The director’s effects company Dexter Studios—responsible for the film’s fantastic creatures and sweeping aerial vistas reminiscent of Peter Jackson’s “The Lord of the Rings”—may not be equal to Hollywood’s best, but it seems that they’re getting there. Both films are CGI visual-effects heavy. While the first film showcased the various landscapes of the different regions of hell, the second film sometimes would add things that seem unnecessary, like the dinosaurs in the desert of fear. The scene is mildly funny, but the dinosaurs seem to be there just for the sake of it. I do like all the ancient Korea scenes.
You’ll either like Part Two better because it has more character backstories, but you can also like the first one more because it speaks more about the immediate family—particularly devotion to parents—culturally pervasive in Asia.
“Along with the Gods” is the director’s affirmation of what is common to all religions: the dignity of the human soul. That no human is inherently evil, and sins are either paid for or forgiven in this life or the next.
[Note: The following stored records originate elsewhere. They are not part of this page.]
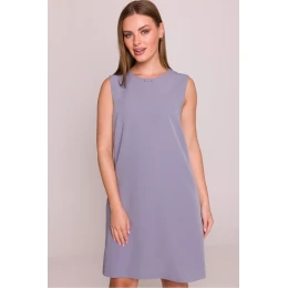 Elegantné šaty z hladkej, mierne elastickej tkaniny so saténovou úpravou, ktorá sa jemne leskne a dodáva celku výnimočný charakter. Model s okrúhlym výstrihom pod krkom zdobený kovovým prvkom, ktorý dodáva jemnú eleganciu. Šaty bez rukávov, zapínané na skrytý zips na chrbte, ktorý zaručuje pohodlie pri nosení a minimalistický vzhľad. Strih jednoduchý, lichobežníkový, voľný a nesediaci na postave, ideálny na každý deň a do kancelárie. Šaty majú podšívku, ktorá zvyšuje pohodlie a odolnosť oblečenia. Dĺžka pred kolená zdôrazňuje ženskú siluetu a zároveň poskytuje voľnosť pohybu. Navrhnuté a ušité v Poľsku.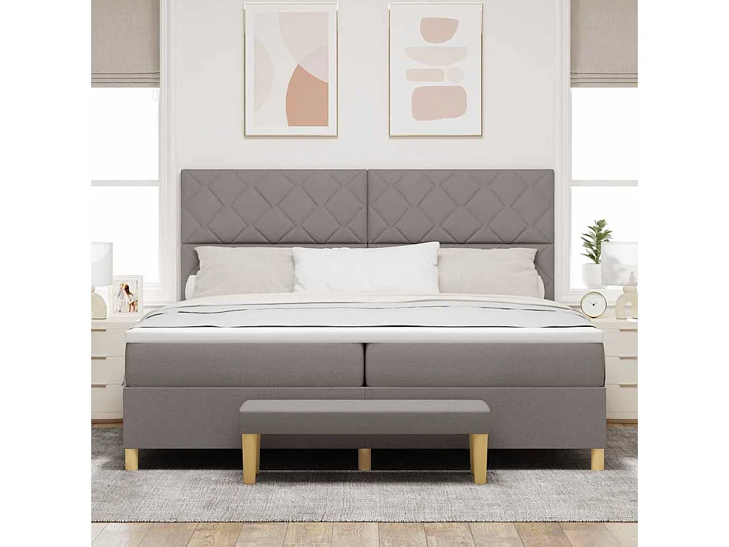 Cadre de lit ottoman avec matelas taupe 200x200 cm tissu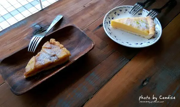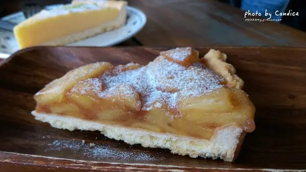在選蛋糕的時候我們就有詢問老闆蘋果派內有沒有放肉桂,老闆就說「有阿還放很多哈哈!!」,Joyce本身很愛肉桂就馬上點來吃了,雖然我平常真的是拒肉桂於千里之外,但吃甜點時總是避不了的,蘋果跟肉桂幾乎無時無刻都會一起出現呀,嗜甜的蘋果派是屬於法式的普羅旺斯蘋果派,沒有美式蘋果派那上層網狀的酥皮,跟滿是蘋果醬的內餡,法式蘋果派純粹就是蘋果們跟派(一起擦出的火花??),派皮烤的非常酥,也不會油膩,又很薄,很厚的派皮整個會讓我吃到想發瘋,會覺得太膩,上層滿滿的蘋果餡,它們應該有跟肉桂還有蜜糖燉煮後才一起放上來烤的,蘋果跟肉桂的味道都很明顯,非常成功!!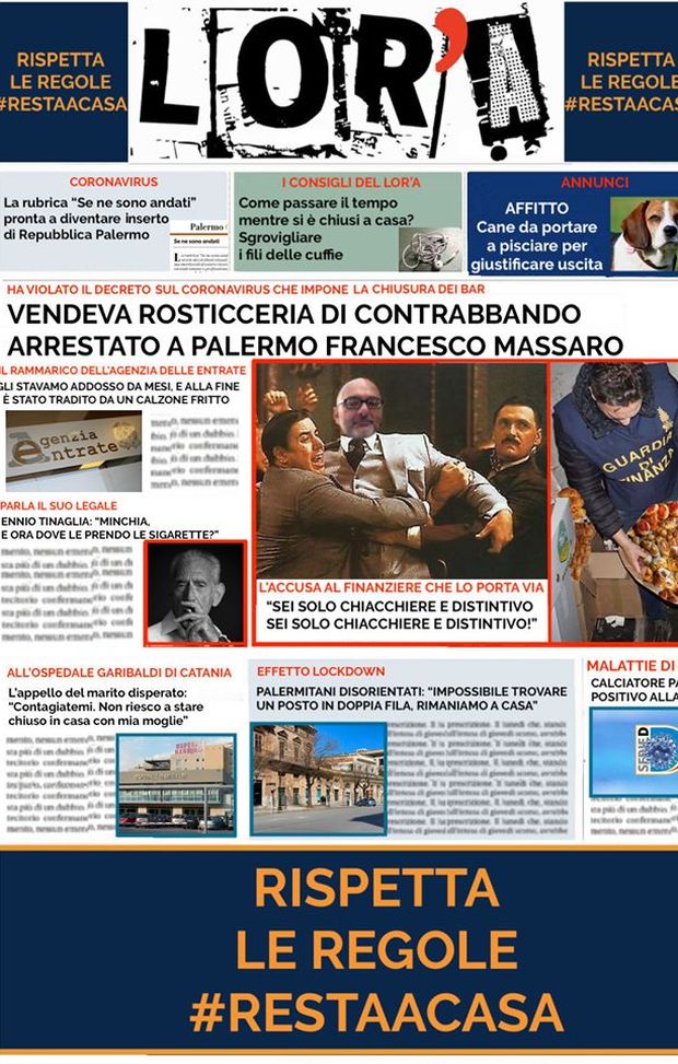 Un'opera svolta egregiamente anche dalle varie pagine satiriche, che stanno cercando di smorzare la tensione grazie al dono dell'ironia. Tra queste vi è ”LOR'A quotidiano irriverente”, che ogni giorno pubblica la propria "prima pagina" incentrata su quanto accade in Sicilia e in particolare a Palermo, prendendo in giro personaggi politici, dello spettacolo e dell’attualità.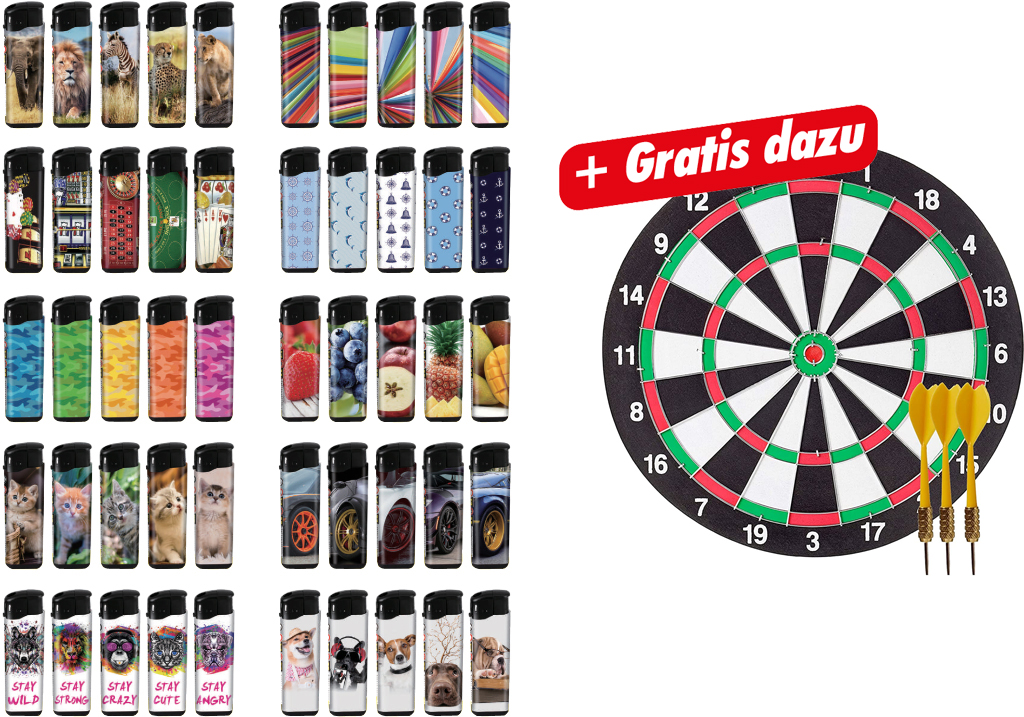 Elektronik Fzg. - 500 Stk. MIX Motive Sortiment, nachfüllbar, 10 Modelle je 50 Stk. im Dsp. + GRATIS Dartset, Dartscheibe aus Kork ca. 43cm, inkl. 6 Pfeile (108851 & 100737)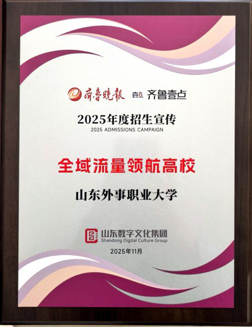 为积极响应新时代对高质量人才培养要求,搭建高校与中学协同育人桥梁,11月26日至29日,2025全国高校、中学升学交流研讨会在浙江丽水学院召开。山东外事职业大学作为职业本科教育领域代表受邀参会,凭借招生宣传工作中的创新实践与突出成效,喜获“2025年度招生宣传全域流量领航高校”荣誉称号,充分彰显了学校在职业本科招生宣传领域的品牌影响力。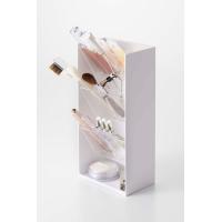 洗面周りにコスメをまとめて収納、TOWER コスメ立体収納ケース 4段。トレーは差し込むだけの簡単取り付け。トレーが透明のため、中身が見やすく整理も簡単。メイクブラシ・リップ・アイライナーなどを取り出しやすいように斜めに収納できます。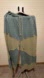 Comfortable wide leg pants with a unique two-tone design. Features a blend of prewashed fade grayish olive and tan. Distressing. Raw hem. Ideal for casual wear.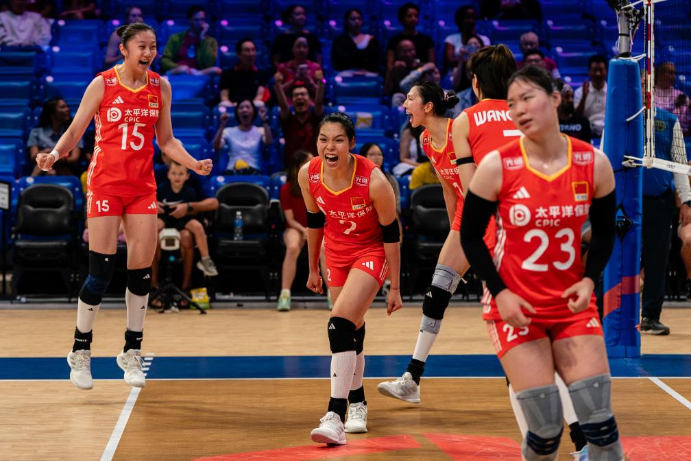 決定勝負(fù)的第五局,中國隊(duì)一度以10:7領(lǐng)先,但多米尼加隊(duì)追至13平。面對(duì)令人屏息的局末關(guān)鍵分,中國隊(duì)干脆利落連得兩分,以15:13笑到最后。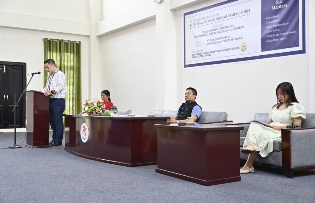 Vawiin khan Kaphranga Auditorium, Rulchawmah, UD&PA department buatsaihin faina kawnga hmalak runpui ‘Safai Apnao Bimaari Campaign 2025’ kharna hun hman a ni a, Pu Lalthakima Chhangte, SDO (S) chu khuallian niin hun a hmanpui. He hunah Pu Lalthakima Chhangte, SDO (S) chuan thu a sawi a, faina kawnga Saitual District hma a sawn theih nana hma latu DUDO leh a thawhpuite chu fakawm a tih thu a sawi a, khawtlang hruaitu VC te pawhin tha taka an thawhpui thin avangin lawmthu a sawi nghal a ni. Khuallian chuan India rama state dangte aia faina leh thianghlimna kawnga hma kan sawn chhan chu zirtir leh kaihhruai kan nawm vang a ni, a ti a, chutih rualin hmasawnna tur tam tak kan la nei a ni, a ti.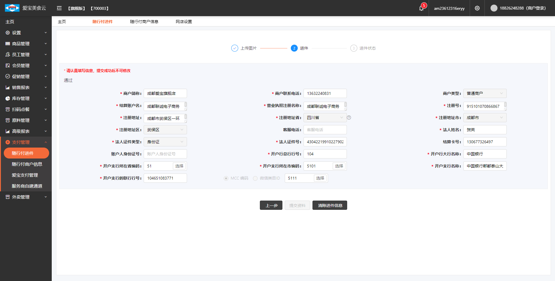 第二步,在【支付管理】--【随行付进件】和【随行付商户信息】中填写资料进行进件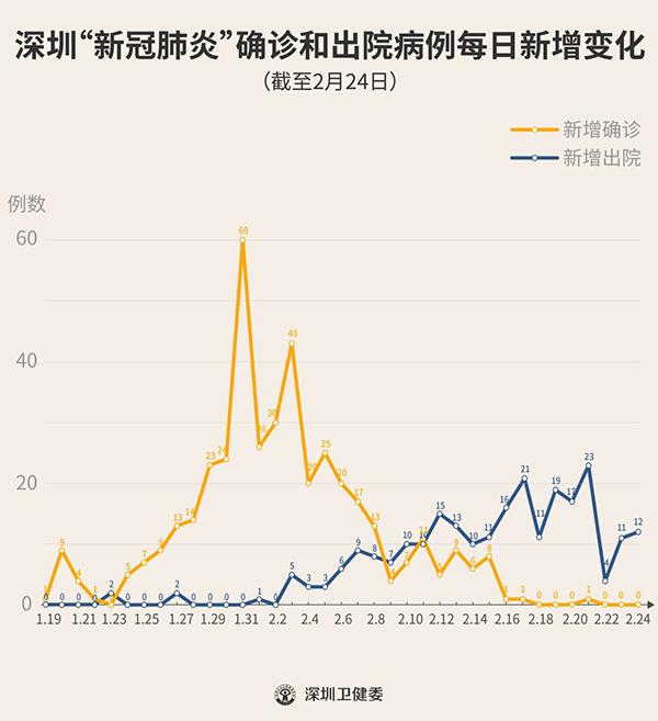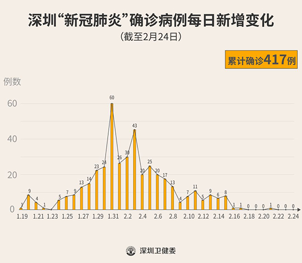 截至2月24日24時,深圳累計報告“新冠肺炎”確診病例417例。2月24日當天全市無新增確診病例。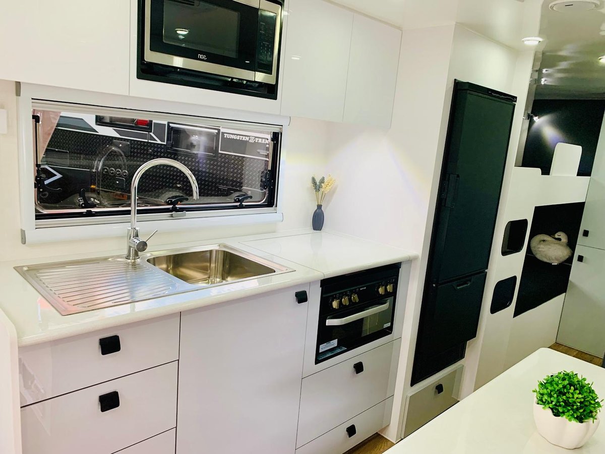 * Construction: They utilize a 100% timber-free structural frame, employing a "Poly-Tech" fiberglass and polyurethane CNC cut wall frame, a TIG-welded aluminium roof frame with a one-piece "floating" fiberglass roof, and a one-piece "honeycomb" fiberglass floor. This composite frame makes the caravans lighter and potentially towable by a wider range of vehicles. The Polytech frame is also "rot-free".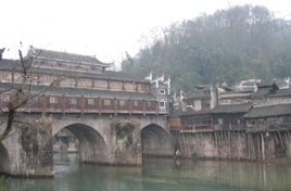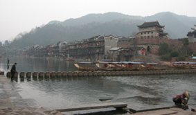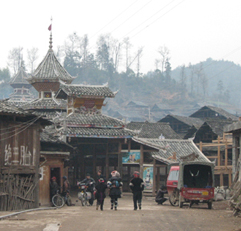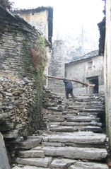 最初は見るもの見るものが珍しく、感嘆の声を上げていたのだが、贅沢にも時間が経つに連れて同じような景色にもかなり慣れてくる。そして2時間後には、心理的にかなりの満腹状態でツアー終了となった。 昼食後、バスで吉首まで行き(約1時間)、そこで王村行きに乗り換える。王村は、S嬢お気に入りの中国映画の舞台になった場所であり、彼女のたっての希望で今回行ってみることにしたのだ。 1時間強で王村に到着。バス停からしばらく歩き、探し求めていた映画ロケ地に着いたのだが、かなり観光地化されている様子にS嬢はショックを隠せない。他の家の方が昔の雰囲気を湛えていたりと、思い通りにはいかないこともある。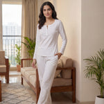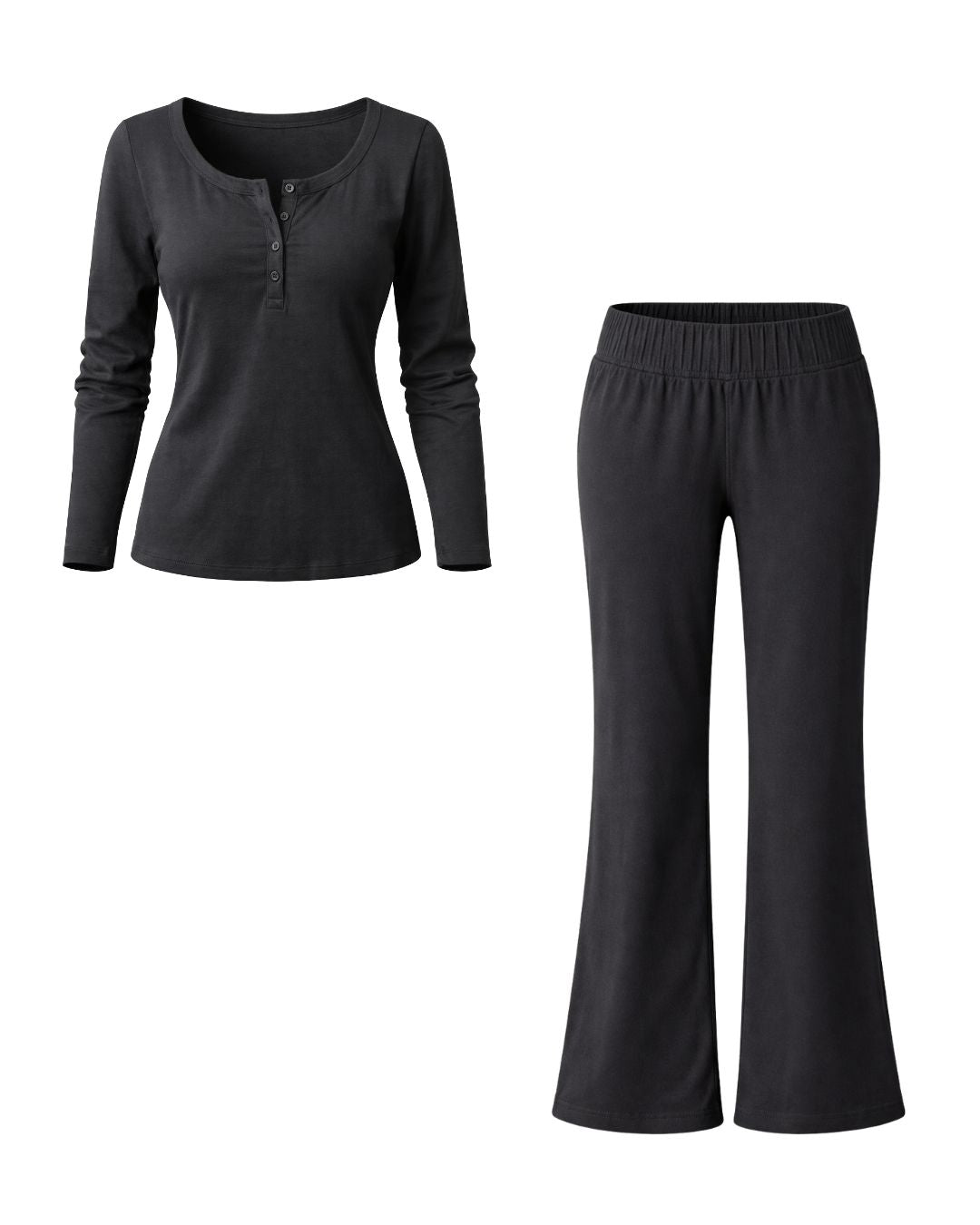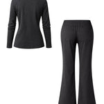 The Midnight Flow Flare Co-Ord Set is your everyday elevated essential. Designed with a body-skimming long-sleeve top and high-waisted flared pants, this set flatters your natural shape while delivering unmatched comfort.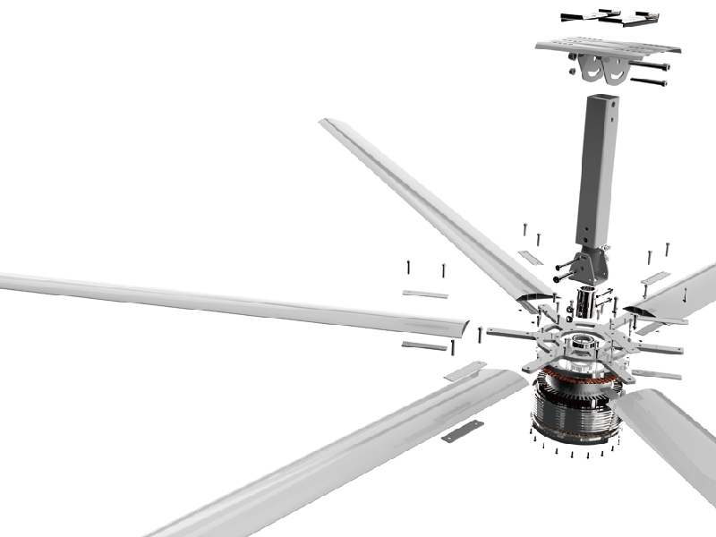 一種直徑可達(dá)7.3米的大型吊扇;應(yīng)用空氣動力學(xué)原理和先進(jìn)工 藝制造的超大型節(jié)能風(fēng)扇僅用1.5Kw的功率就可以驅(qū)動大量的空 氣,產(chǎn)生超大面積的自然微風(fēng)系統(tǒng),起到環(huán)境通風(fēng)和降溫的雙重功 能??胺Q高大空間通風(fēng)降溫的完美解決方案。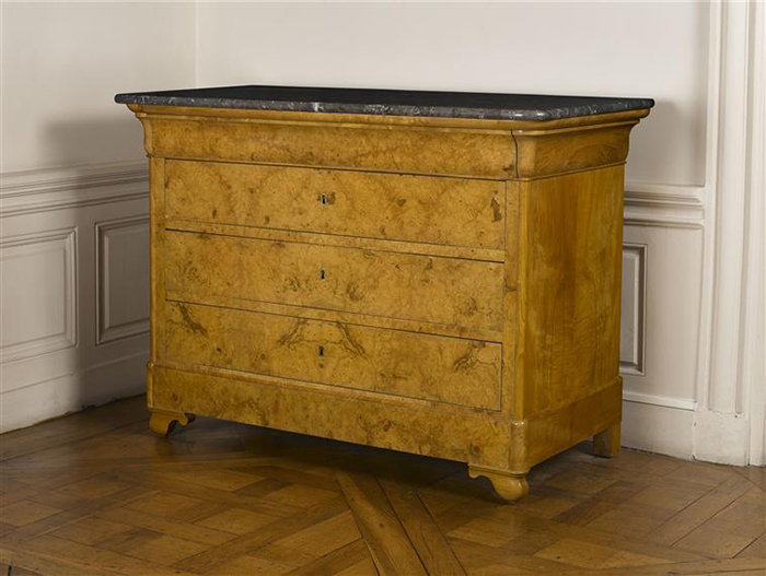 Like Brion, other artisans of the Empire such as Francois-Honore Jacob-Desmalter are still in place, and continue to produce models of the Neo-Classical style, while lightening them and privileging the curves. The end of the Empire indeed enables to soften the forms, among which the doucine in form of an S is often used on the fireplace and buffets cornices.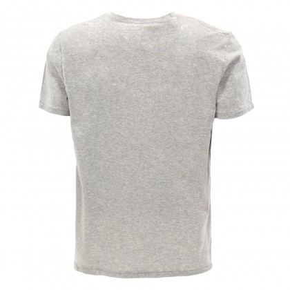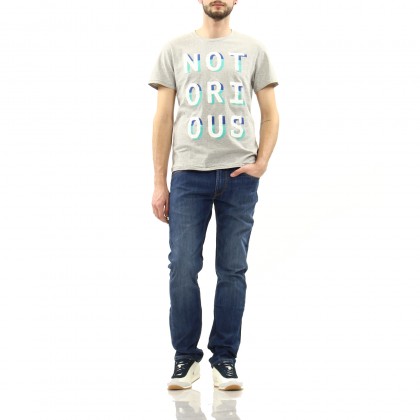 Мъжка тениска LEE е с regular-fit модел, който предлага комфорт и класическа визия. Произведена е от памучна материя в цвят сив меланж. Акцентът е поставен върху принтирания графичен слоган „Notorious“.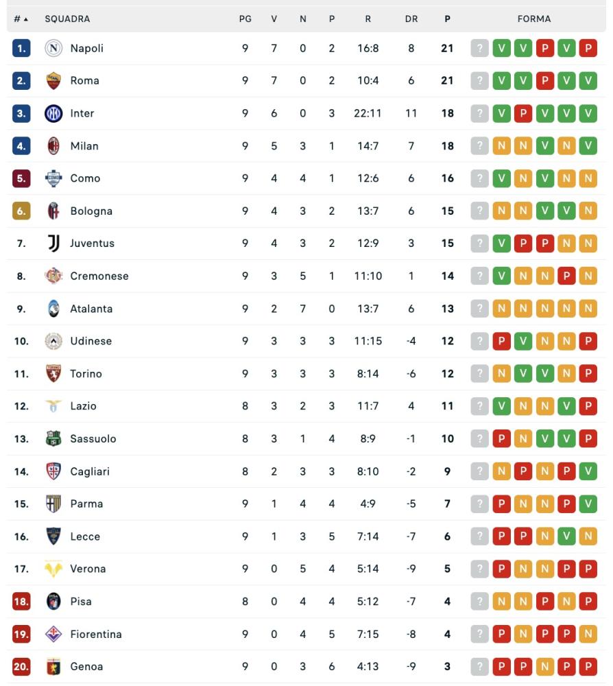 Di seguito la classifica di Serie A aggiornata dopo i match delle 20:45: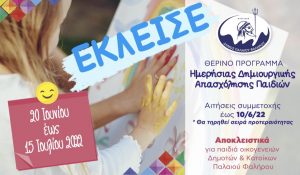 Το Θερινό Πρόγραμμα Ημερήσιας Δημιουργικής Απασχόλησης 2022 φιλοξενήθηκε από 20/6 έως 15/7/2022 σε αθλητικές και σχολικές υποδομές (10ο, 12ο &13ο Δημοτικό και 4ο Γυμνάσιο, 1ο & 3ο Λύκειο) του Δήμου μας, υπό τον συντονισμό και την οργάνωση του Γραφείου Παιδείας του Δήμου Παλαιού Φαλήρου, στο πλαίσιο της κοινωνικής πολιτικής που εφαρμόζεται και παρέχεται δωρεάν από τη Δημοτική Αρχή, αποκλειστικά για παιδιά οικογενειών δημοτών και κατοίκων Παλαιού Φαλήρου.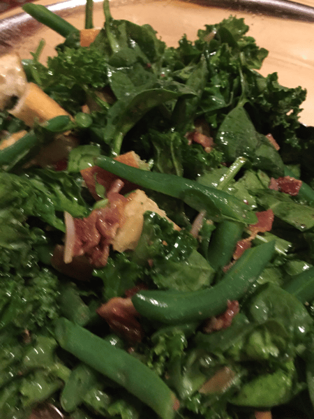 When shopping for the ingredients, I honestly had a hard time finding the frisée I normally use, but don’t let this discourage you. I had a feeling it would be hard to come by, so I had a plan B in place. I chose to make this version with kale and baby spinach, which tuned out to be an awesome substitution. I bought a bunch of kale, tore it into small bite-size pieces, and gave it a whirl in my salad spinner to ensure it was free from any grit. As far as the spinach goes, I bought a bag of baby spinach to keep things easy. Just note that heartier greens are a must for this recipe. Delicate greens such as leaf lettuce and spring mix will not stand up to the warm bacon vinaigrette.
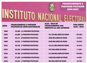 Ciudad de México, 19 de febrero (SinEmbargo).- Una reducción del 50 por ciento en el financiamiento a los partidos políticos es lo que propone la iniciativa de reforma constitucional que el Presidente López Obrador envió al Congreso de la Unión el pasado lunes 5 de febrero del 2024, que tomando como referencia lo que esas organizaciones, presuntamente de ciudadanos, gastarán durante 2024, representaría más de 6 mil millones de pesos de ahorro.

The film’s mythology might be a mix of Chinese, Korean and South Asian influences, but penance and the idea of supreme judgment are shared with Christians as well.
“Along with the Gods: The Last 49 Days” is a fitting companion to the first film—a crowd-pleasing spectacle of visuals and epic storytelling, peppered with humor and punctuated by emotional moments that explore the light and dark sides to our humanity.
As in the first film, the second ends with a teaser for the possible next chapters of the AWTG saga—the way the filmmakers twisted the narrative this time, who knows what we’ll see in the next installment.